Two cases with B3GNTL1 gene duplication
Case 9: The subject was diagnosed with ASD, intellectual disability, and expressive language disorder. She has a medical history of delayed development, speech delay, and was born premature at 27 weeks. Notable physical features include a Café au lait spot. She has family history of a maternal and paternal cousin with ASD. She had a normal 46,XX constitution on evaluation with karyotyping, and normal whole exome sequencing (ES) results. The CMA detected, arr[hg19] 17q25.3(809,76,346-81,041,938)x3 mat, 19q13.41(52,940,574-53,158,834)x3 mat, approximately, 66 kbp and 218 kbp in size. The duplication on 17q harbored the B3GNTL1 and METRNL genes.

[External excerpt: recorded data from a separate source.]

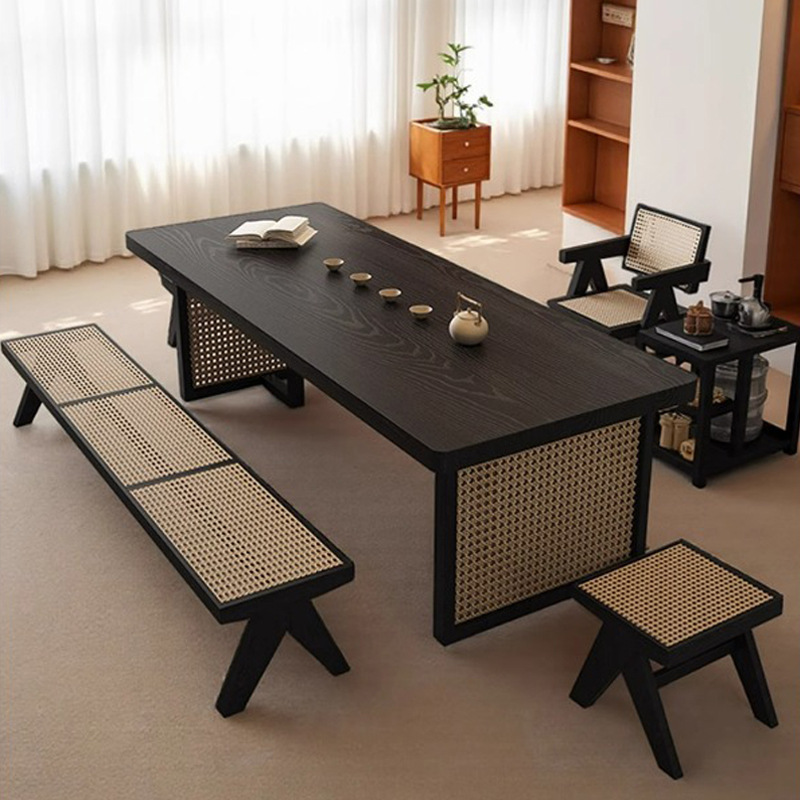 寂風黒実木藤編茶卓茶芸会ホール接待禅椅子炭化黒泡茶テーブルと椅子の組み合わせ
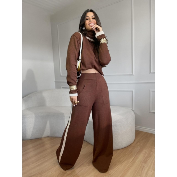 Conjunto em modal com calça e blusa gola alta detalhes em listras
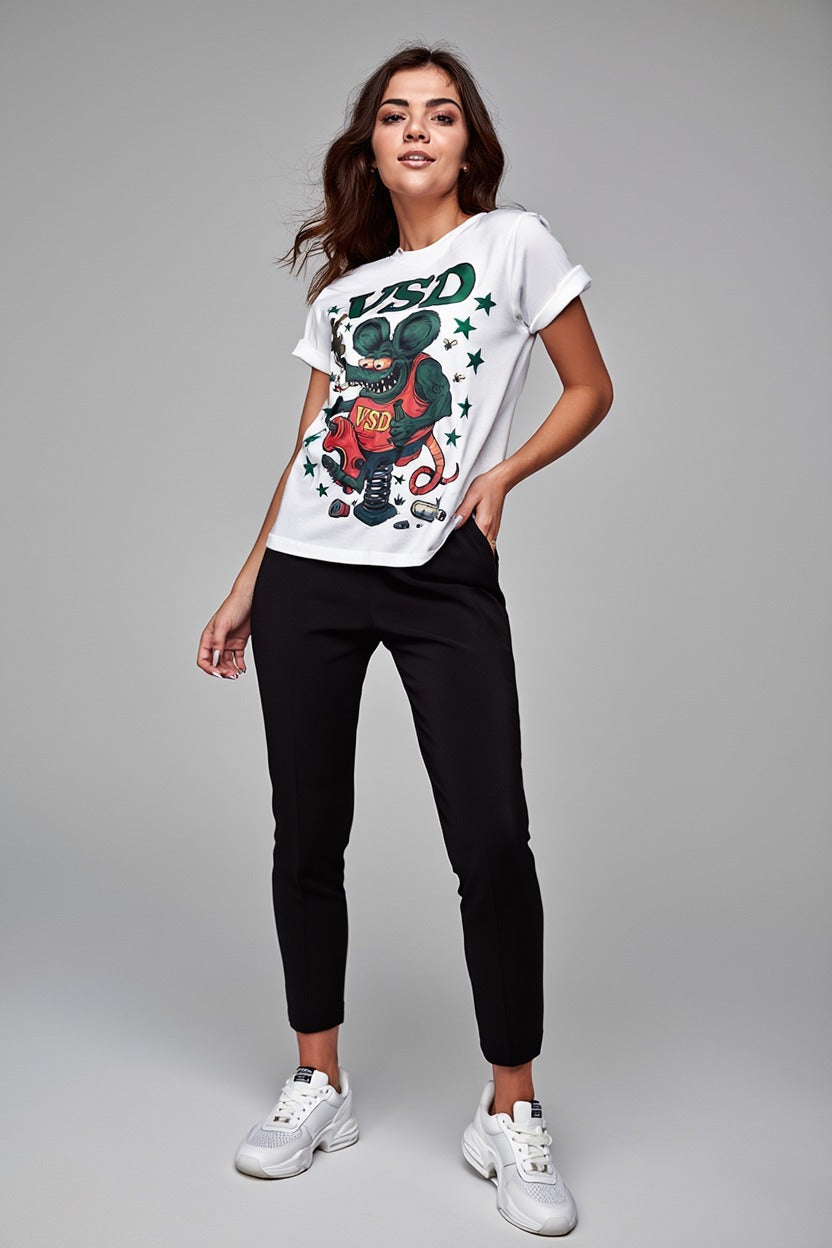 Neck Comfort: Soft, ribbed crew neckline for a smooth, tag-free feel that layers effortlessly under jackets or stands alone. Subtle Back Detail: Clean white canvas with a discreet VSD neck label for understated branding that keeps the focus on the front's playful chaos

Another, subject (case 10) was diagnosed with cerebral palsy, hypertonia, and spasticity. He has a medical history of delayed development, delayed milestones, and muscle spasms. He also has behavioral concerns of OCD-like behaviors. Notable physical features include an upturned nasal tip, Café au lait spot on lower anterior neck, the fifth fingers are shortened bilaterally, and progressively dystonic features. The subject’s previous testing was found to be normal for organic acids, total and free creatinine, amino acids, and acylcarnitine profile. The ES analysis detected a heterozygous missense variant (ADARc.3019G>A) that was found to be associated with Dyschromatosis symmetrica hereditaria, AD, but did not explain the observed phenotype. The CMA detected, arr[hg19] 6q24.1(141,957,503-142,116,632)x1mat, 17q25.3(80,864,260-81,007,175)x3mat, approximately 159 kbp and 143 kbp in size. The duplication of 17q region harbored TBCD and B3GNTL1 genes.
It is interesting to note that Prost el al. reported two cases of focal dosage changes including TBCD and B3GNTL1 genes (one case each with loss and gain), sparring the distal METRNL gene. Both reported cases had developmental delays and no cardiac malformation, as observed in our cases. Further, all three cases with duplication of TBCD and B3GNTL1 genes show facial dysmorphology. Thus, dosage changes involving these two genes appears to be associated with developmental delay, facial dymorphology and no cardiac malformation. The two cases reported in literature were de novo, while both our cases harbored CNVs that were maternally inherited. The mother was unaffected, supporting incomplete penetrance and variable expressivity for this change.
Limitations of the study
Though the study presents a set of cases with rare CNVs of the same cytogenetic band (17q25.3), there was no smallest region of overlap, which makes it difficult to ascertain definitive genotype-phenotype association. However, since the incidence of CNVs of 17q25.3 region are rare, even in the disease population, and given that this is a gene-rich region of the genome, documentation of these cases is extremely important and may lead to definitive genotype-phenotype association in the future. Importantly, the cases 1 to 7 are the most informative, as these do not harbor any other CNV (and in some cases no sequencing alteration) suggesting a causal role of these CNVs/genes. Further, though the remaining cases (8 to 15) have additional CNVs, which complicates association, all are of uncertain significance, and encourage further analysis of CNVs in the 17q25.3 region, given the rarity and a broader phenotype association of genes in this region. Finally, evaluating the mechanism was beyond the scope of this work, but these gene associations warrant further investigation of these genes in the future.